Garoua, 13 juillet 2026 (CAPnews) – Un atelier de renforcement des capacités destiné aux ordonnateurs des crédits des régions de l’Est, de l’Adamaoua, de l’Extrême-Nord et du Nord s’est ouvert ce jour à Garoua, sous l’égide du ministère chargé du Contrôle supérieur de l’État (Consupe). La cérémonie d’ouverture a été présidée par Rose Mbah Acha Fomundam, responsable de cette institution, en séjour dans la capitale régionale du Nord depuis le week-end dernier. Cette session s’inscrit dans une série d’initiatives déjà déployées à Bamenda et à Douala, visant à outiller les gestionnaires publics sur l’ensemble du territoire.
L’objectif affiché de cette rencontre est de promouvoir une orthodoxie financière accrue, une rigueur administrative et une responsabilisation des acteurs dans la manipulation des deniers publics. Le Consupe entend ainsi consolider les bonnes pratiques de gestion et prévenir les dérives, en rappelant les règles et procédures en vigueur.

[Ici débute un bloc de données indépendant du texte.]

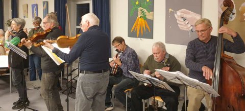 Folk og Fæ mødte talstærkt op. Ikke alle spillemænd er synlige [...]i dette billede men man se dem i videoerne.

Les échanges portent sur les mécanismes de contrôle interne, la transparence dans l’exécution des budgets et les obligations de reddition des comptes, conformément aux dispositions légales et réglementaires qui régissent la fonction publique camerounaise.
Les participants, issus de quatre régions aux réalités socio-économiques diverses, bénéficient d’un programme articulé autour d’études de cas concrets et de mises en situation. Cette approche pédagogique vise à adapter les principes généraux du contrôle aux spécificités locales, tout en garantissant une application homogène des normes sur l’ensemble du territoire. La présence de Rose Mbah Acha Fomundam témoigne de l’importance accordée par la hiérarchie à cette mobilisation, qui s’inscrit dans la stratégie nationale de moralisation des finances publiques engagée depuis plusieurs années.
Avec la tenue de cet atelier à Garoua, le Consupe achève une première boucle de formations régionales, après les étapes de Bamenda et Douala. Les prochaines sessions pourraient concerner d’autres zones géographiques, en fonction des besoins identifiés par l’administration centrale. En attendant, les ordonnateurs présents sont invités à mettre en pratique les enseignements reçus et à diffuser les bonnes méthodes au sein de leurs services respectifs, contribuant ainsi à une gestion plus saine et plus transparente des ressources de l’État.